• [Information provided]
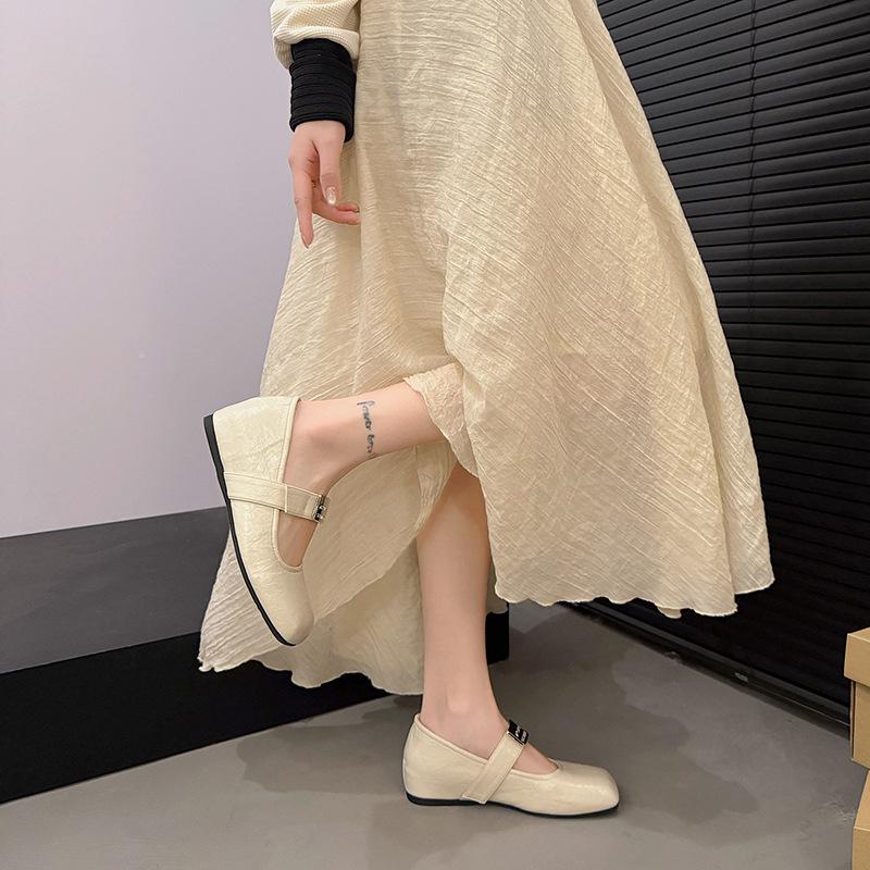 Fashion Shallow Single Shoes Women's Summer Retro French Evening Breeze Word with Inner Height Increase Mary Jane Shoes Women's Grandma Shoes
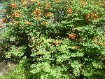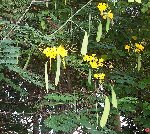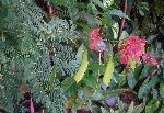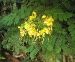| Fabaceae-Caesalpinioideae family Caesalpinia pulcherrima (Linnaeus) Swartz, Observ. Bot. 166. 1791. Bas.: Poinciana pulcherrima Linnaeus (1753). Flè makata. Dwarf poinciana. Escaped/naturalized shrub of dry open areas around houses and the sea-shore. Common on Anse L'Ivrogne delta, Choiseul, otherwise rare. Cultivated and naturalized throughout tropics, of unknown origin. Also a cultivated ornamental. Herbal medicinal uses. Its presence on the lower slopes of Gros Piton is worrying - potentially invasive. |
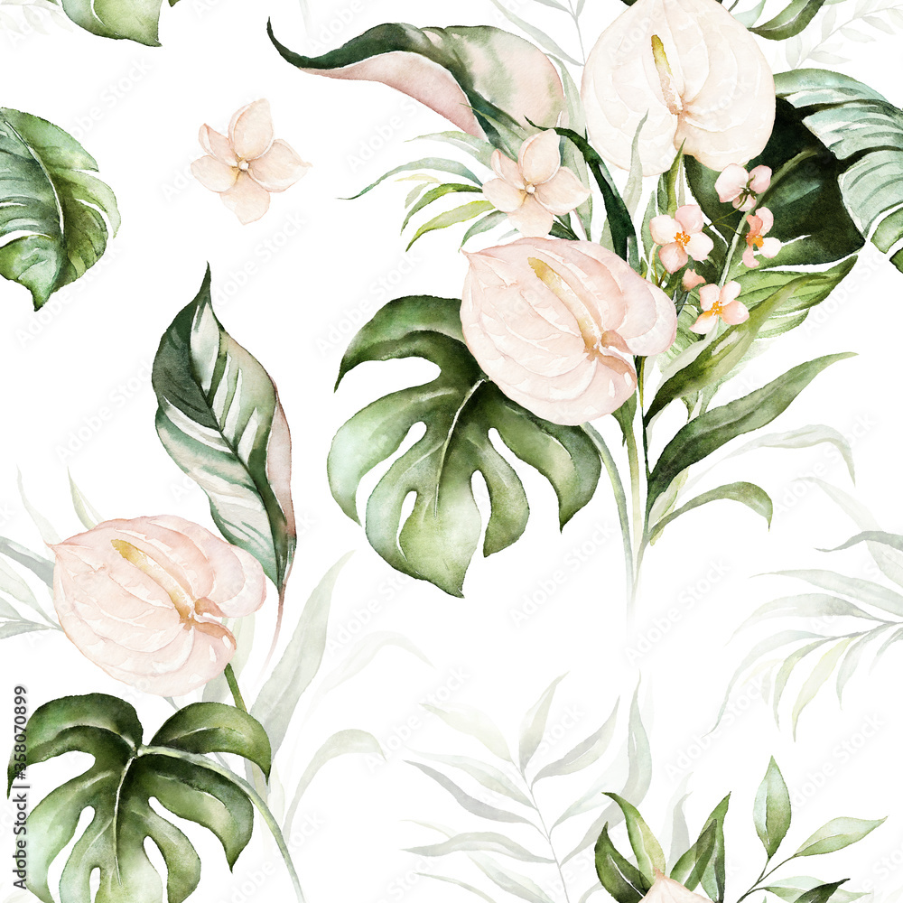 Green tropical leaves and blush flowers on white background. Watercolor hand painted seamless pattern. Floral tropic illustration. Jungle foliage. #358070899

• [Work to complete] Output everything in the material exactly. Pictures stay out of it.

• [Answer for this exercise]
 Fashion Shallow Single Shoes Women's Summer Retro French Evening Breeze Word with Inner Height Increase Mary Jane Shoes Women's Grandma Shoes
| Fabaceae-Caesalpinioideae family Caesalpinia pulcherrima (Linnaeus) Swartz, Observ. Bot. 166. 1791. Bas.: Poinciana pulcherrima Linnaeus (1753). Flè makata. Dwarf poinciana. Escaped/naturalized shrub of dry open areas around houses and the sea-shore. Common on Anse L'Ivrogne delta, Choiseul, otherwise rare. Cultivated and naturalized throughout tropics, of unknown origin. Also a cultivated ornamental. Herbal medicinal uses. Its presence on the lower slopes of Gros Piton is worrying - potentially invasive. |
 Green tropical leaves and blush flowers on white background. Watercolor hand painted seamless pattern. Floral tropic illustration. Jungle foliage. #358070899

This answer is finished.